Friday, September 11, 2015

In defense of nature—Carolyn R. Wilker

I look out my office window and see the cup plants (silphium perfoliatum) with sunflower-like flower heads and whorled leaves that give it that name. The plants now stand higher than my husband’s workshop, otherwise known as our garage. I’ve also seen, from time to time, those yellow birds with a dark wing—either goldfinches or orioles—pecking away at the flower heads, petals falling to the ground below. Sometimes it looks like a flurry of yellow petals. Other birds land there too or sit nearby on the edge of the workshop roof. At this point in late summer, the flower heads are looking rather bare, the last petals pecked on the tops of the plants.

Cup Plant- silphium perfoliatum

My garden boxes have what now looks like a twisted bunch of plants and vines, mostly green with only a few blossoms remaining. The zucchini plants have shrivelled up and some of the remaining leaves droop down one side. We’ve eaten or shared a lot of those yellow zucchini but the last few didn’t grow enough to harvest, leaving tiny green and yellow fingers of growth that would have been a zucchini, if only... That’s the way it is at the end of a growing season.
The tomato plants stretched as high as the netting covering the garden, so I cut a hole in the covering, and the plants kept on growing. Those tall ones still bear blossoms and some tomatoes, so there’ll be a few more to pick, and more for my granddaughters to taste as we gather the last fruits of the plants.
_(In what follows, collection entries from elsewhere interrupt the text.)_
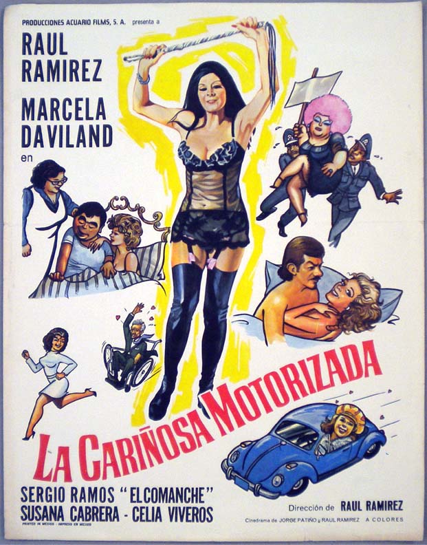 Colorful Mexican comedy film window card (12.5x16.5") combines two popular interests for men -- cars and sexy women. The automobile aspect is represented by a Volkswagen Beetle, while the other is represented by a whip-weilding dominatrix. There is a single horizontal fold the the center... The film starred Raul Ramirez, Marcela Daviland, Sergio Ramos and Susana Cabrera. $20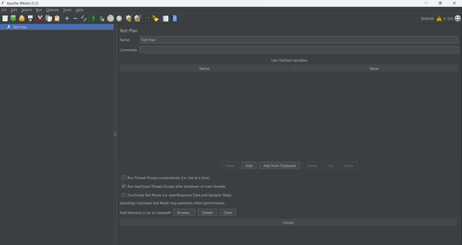 - Vous verrez que JMeter est prêt pour un nouveau plan de test à ce stade :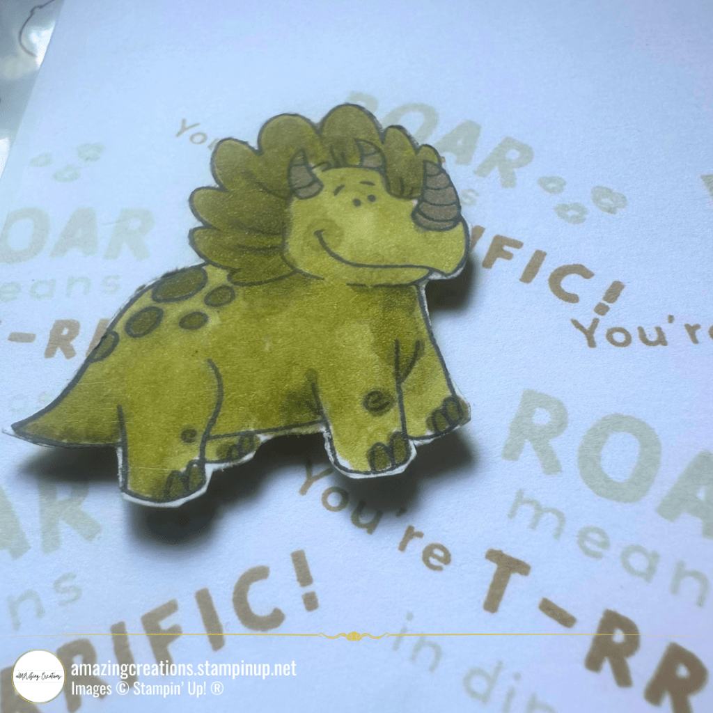The adorable Triceratops from the Stampin’ Up! Darling Dinos stamp set has been coloured with Stampin’ Blends and popped up for extra dimension. The background is filled with a fun dinosaur-themed sentiments, adding a playful touch.

Days ago, in cleaning up the bean plants, and thinning the carrots, I uncovered a smooth striped caterpillar hanging from one of the carrot plants. The caterpillar, being heavy compared to the fluffy top, leaned to the side of the garden bed. I had a good look at it. I’d just read the book The Art of Butterfly Gardening, written by Matthew Tekulsky, so I had more than a passing interest in the butterflies that might be hiding out in my garden, particularly caterpillars, even if I hadn’t the desire to bring them indoors. I thought, My granddaughters would like to see this little guy.

I hurried into the house for my camera and when I returned and got nearer to the creature to take its picture, I swear it was looking up at me.  Looking it up on Google, I compared my picture with caterpillars shown online and figured out that it could be the Swallowtail butterfly in its earlier state. I posted the photo and link on my Facebook page and it drew in a few comments. Not everyone likes caterpillars and I don’t particularly either, but reference it to a butterfly that it morphs into and you’ve got my interest.

I decided to keep an eye on this little guy and watch what happened, but next day there was no sign of him in the place among the carrot plants or anywhere nearby. Maybe he went into hiding after I uncovered him… or maybe, in spite of the bird netting over my garden, he got eaten. I still don’t know the answer to that question. But I will be able to identify the next caterpillar like him. I’ll still keep a lookout for him, although we do have holes in the netting for the plants to grow out and plenty of birds perching in the nearby cedars who’d like such a tasty meal.

That’s the way nature in creation works, the higher order feasting on the one below, some making it to adulthood to grace our gardens in spring and summer. God made it all when he took the chaos and created order. 

Carolyn R. Wilker edits and writes from her home in southwestern Ontario. She is the author of Once Upon a Sandbox, a narrative in prose and poetry about growing up on a family farm in the 50s and 60s.


Peter Black said...

Carolyn, thanks for taking me on this engaging late-summer trip into your garden. I can understand how your granddaughters like to spend time with their grandma, for you evidently have a strong zest for life and learning and a fascination for nature! ~~+~~

David Kitz said...

I love gardening, so this post was particularly appealing to me. Thanks, Carolyn.

Glynis said...

I am always a little sad at the end of the gardening cycle, but as I collect the last of the harvest I actually love to think of how perfect God has made everything. How could we possibly think that the life cycle of anything (caterpillar or cucumber) could be random spurts? Thanks God for the beauty of life. And thanks Caroline for sharing and reminding me again to be grateful. Lovely post and photos. And my one cup plant survived. I am waiting for the seed now! Hopefully the birds won't beat me to it!